Em nota, o Ibama informou que “retirar a família de seis saguis que está entrando nos apartamentos de um prédio em Copacabana não é função do Ibama. Se os animais estiverem ameaçando de fato a segurança das pessoas, o síndico deve acionar os bombeiros ou o órgão ambiental estadual (o INEA), que, se precisarem de apoio técnico, acionarão o Ibama para auxiliar nesta tarefa”.
Leia a nota do Ibama na íntegra:
“Os saguis de tufos-brancos (Callithrix jacchus) e de tufos-pretos (Callithrix penicillata), ambos conhecidos como micos-estrela, vieram das regiões Nordeste e Centro-Oeste. Chegaram por aqui pelas mãos dos traficantes de fauna silvestre para serem vendidos como animais de estimação em feiras livres e lojas clandestinas, mas acabaram sendo soltos na cidade.
Hoje se espalharam pelo Rio de Janeiro e por outros estados do Sudeste e do Sul do país, onde ameaçam a sobrevivência de diversas espécies de animais nativos da Mata Atlântica.

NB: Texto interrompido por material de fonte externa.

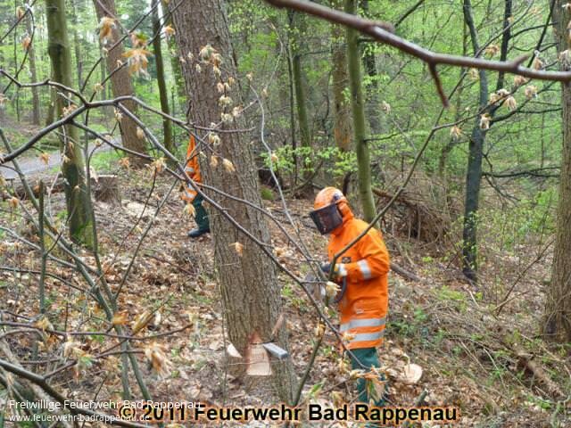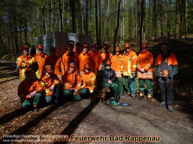 …so schallte es am vergangenen Dienstag immer wieder durch den Odenwald.Verursacher waren die Kameradinnen und Kameraden der Feuerwehr Bad Rappenau (der Abteilungen Babstadt, Bad Rappenau, Bonfeld, Fürfeld, Obergimpern und Treschklingen), welche an einem Kettensägen-Grundlehrgang des Forstamtes Schwarzach teilnahmen.An zwei Tagen erlernten die Kettensägen-Neulinge in Theorie und Praxis, wie man einen Baum fachmännisch fällt.Im theoretischen Unterricht wurde den Teilnehmer alles über Unfallverhütung, die Kettensäge und ihre Wartung beigebracht.Am zweiten Tage konnten sie dann das erlernte theoretische Wissen über Fälltechniken, Entastungstechniken und Fehlersuche an der Motorsäge im Wald praktisch umsetzen.Bild1: Baum fällt…Bild2: Gruppenbild – Teilnehmer der Feuerwehr Bad Rappenau
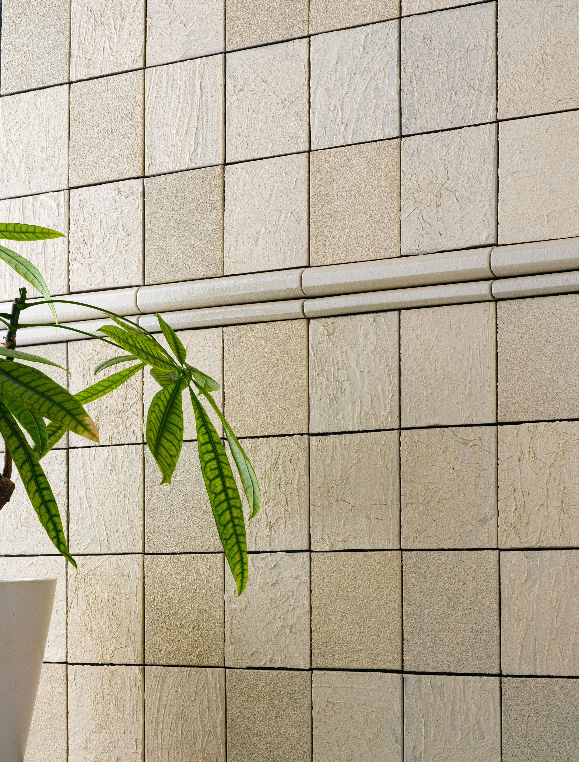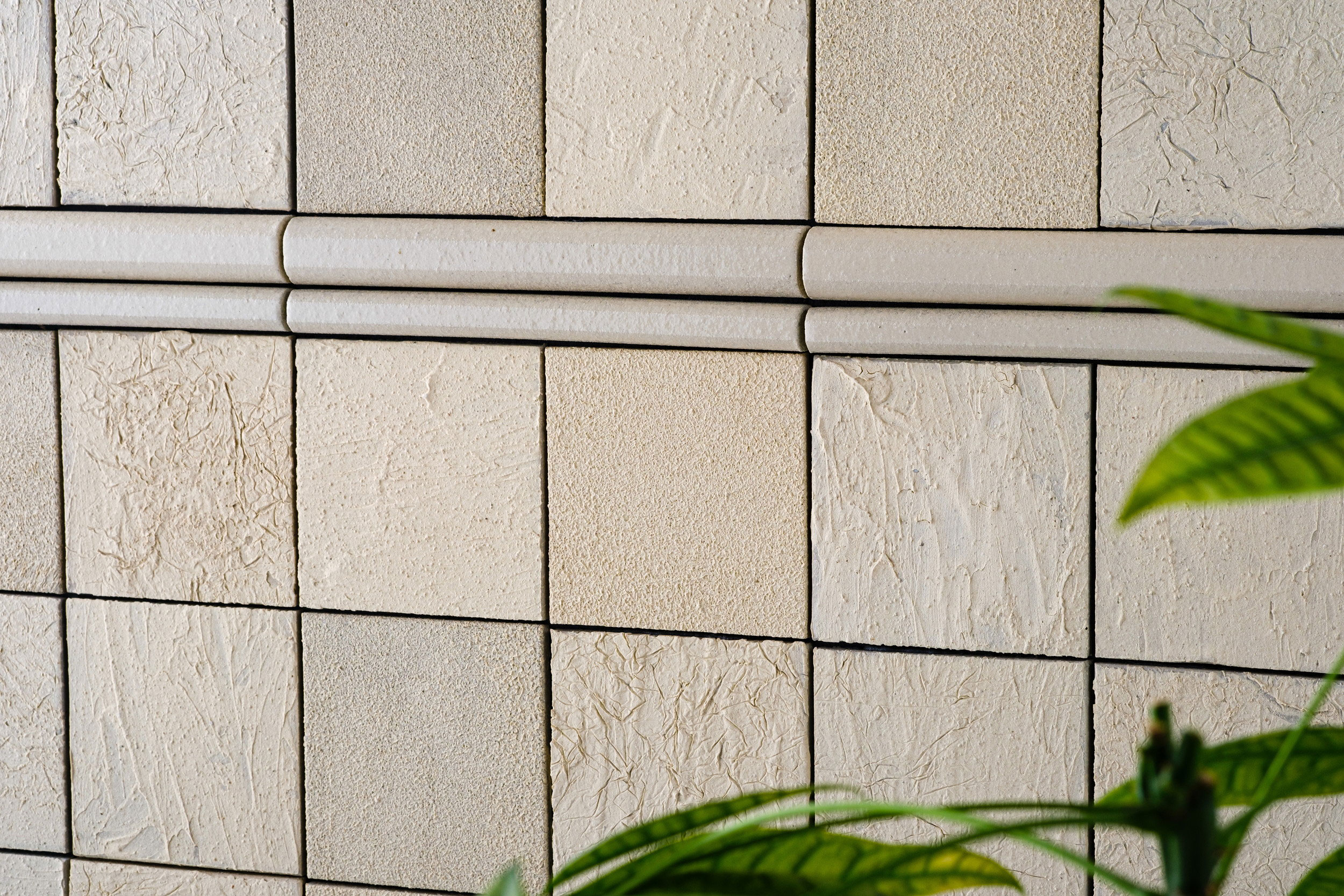左官仕上げの壁をイメージしたタイルです。土の個性を前面に出し、落ち着いた和の空間に仕上げます。

Retirar a família de seis saguis que está entrando nos apartamentos de um prédio em Copacabana não é função do Ibama. Se os animais estiverem ameaçando de fato a segurança das pessoas, o síndico deve acionar os bombeiros ou o órgão ambiental estadual (o INEA), que, se precisarem de apoio técnico, acionarão o Ibama para auxiliar nesta tarefa.
De todo modo, a retirada dos animais só ocorre em último caso. Eles estão se aproximando do prédio porque os moradores estão oferecendo comida ou deixando alimentos desprotegidos. Ou seja, capturar esse grupo, mas não mudar o comportamento dos moradores, não vai solucionar o problema. Provavelmente, em pouco tempo, outros micos irão ocupar o mesmo local.
Não se deve nunca alimentar animais silvestres sob o risco de se interferir para pior no equilíbrio da natureza”.